We may also use your Personal Information for related purposes which you would reasonably expect, such as providing you with details about other services offered by us, as well as any promotions or offers that may be of interest to you. You can opt out of receiving offers or information at any time by notifying us. Opt out procedures are also included on all of our marketing and promotional communications.

In some cases we may disclose your Personal Information to third parties, such as contractors who assist us to provide you with our products and services. We will ensure that third parties to whom we disclose, are bound by confidentiality and non-disclosure agreements, if they are not otherwise required to adhere to the Privacy Act.

We may also disclose your Personal Information where we have sought your consent or in accordance with the Privacy Act or any other legislation. Otherwise, we may also disclose your Personal Information to third parties (including government departments and enforcement bodies) where required or permitted by law.

If we use a third party source to obtain Personal Information about you for the purpose of direct marketing to you, you may request that we disclose the source of that information. We will respond to any request made under this clause within a reasonable period and at no cost to you.

Destruction and de-identification

MyST Software will retain your Personal Information whilst it is required for any of our business functions, or for any other lawful purpose.

We will take reasonable steps and use secure methods to destroy or de-identify Personal Information that is no longer required for any purpose for which the Personal Information may be used under this Privacy Policy in accordance with the Privacy Act.

Disclosure of Personal Information Overseas

MyST Software works closely with its offices located in the United States of America and India. In the course of doing business with you, we may disclose some of your Personal Information to these overseas entities associated with us. However, we will only do so where:

  • we have a group company assisting us with our business activities and functions;
  • we have a supplier assisting us with providing assistance with our business activities and functions. We often have no control over where these suppliers hold or process their data and it is impractical for us to be able to advise you of the countries where the Personal Information may be held or processed;
  • our website, or any hosting service we use to support our managed services, software or software as a service, is hosted by us or a third party, and the hosting facilities and/or the back-up/disaster recovery sites are located overseas. We have no control over where these third party providers host the website and it is impractical for us to be able to advise you of the countries where the Personal Information may be held or processed;
  • a third party application is being used in connection with our interactions with you, e.g. when we use email or Skype the third party providers of the relevant application have their applications hosted overseas. We have no control over where these third party providers host their applications and it is impractical for us to be able to advise you of the countries where the Personal Information may be held or processed; and
  • you have provided consent; or
  • we believe on reasonable grounds that the overseas recipient is required to deal with your Personal Information by enforceable laws which are similar to the requirements under the Privacy Act; or
  • it is otherwise permitted by law.
Data Breaches

In Australia, if we suspect that a data breach has occurred, we will undertake an assessment into the circumstances of the suspected breach within 30 days after the suspected breach has occurred.

Where it is ascertained that a breach has actually occurred and where required by law, we will notify the Privacy Commissioner and affected individuals as soon as practicable after becoming aware that a data breach has occurred.

Use of Social Media

Our website uses social media includes blogs, Twitter feeds, and links to other social media platforms including but not limited to Facebook, LinkedIn and Twitter.

The nature of social media is that these applications actively enable exchange and disclosure of any information, whether personal or otherwise, that is included within those applications.
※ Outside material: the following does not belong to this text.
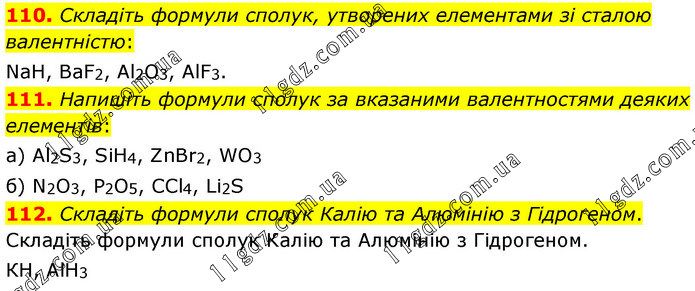 Складіть формули сполук, утворених елементами зі сталою валентністю: NaH, BaF2, Al2O3, AlF3. 111. Напишіть формули сполук за вказаними валентностями деяких елементів: а) Al2S3, SiH4, ZnBr2, WO3 б) N2O3, P2O5, ССl4, Li2S 112. Складіть формули сполук Калію та Алюмінію з Гідрогеном. Складіть формули сполук Калію та Алюмінію з Гідрогеном. КН, АlН3

All information, including Personal Information that you enter in those applications may be used, stored, handled and disclosed in any way that is consistent with the privacy policies of the relevant applications, if any.

All information that is posted in a blog, twitter feed or other social media in connection with a social media platform should be considered as public information that may be used, copied and adapted by any person for any means and should not be posted unless you are prepared to specifically state what restrictions on use there may be with that information or are prepared to accept that it may be used, copied, adapted, stored, handled and disclosed to any other person in any way.

Cookies, Metadata and Site Data Activity

A cookie is a small piece of computer code which remains on your computer and contains information which helps MyST Software identify your browser.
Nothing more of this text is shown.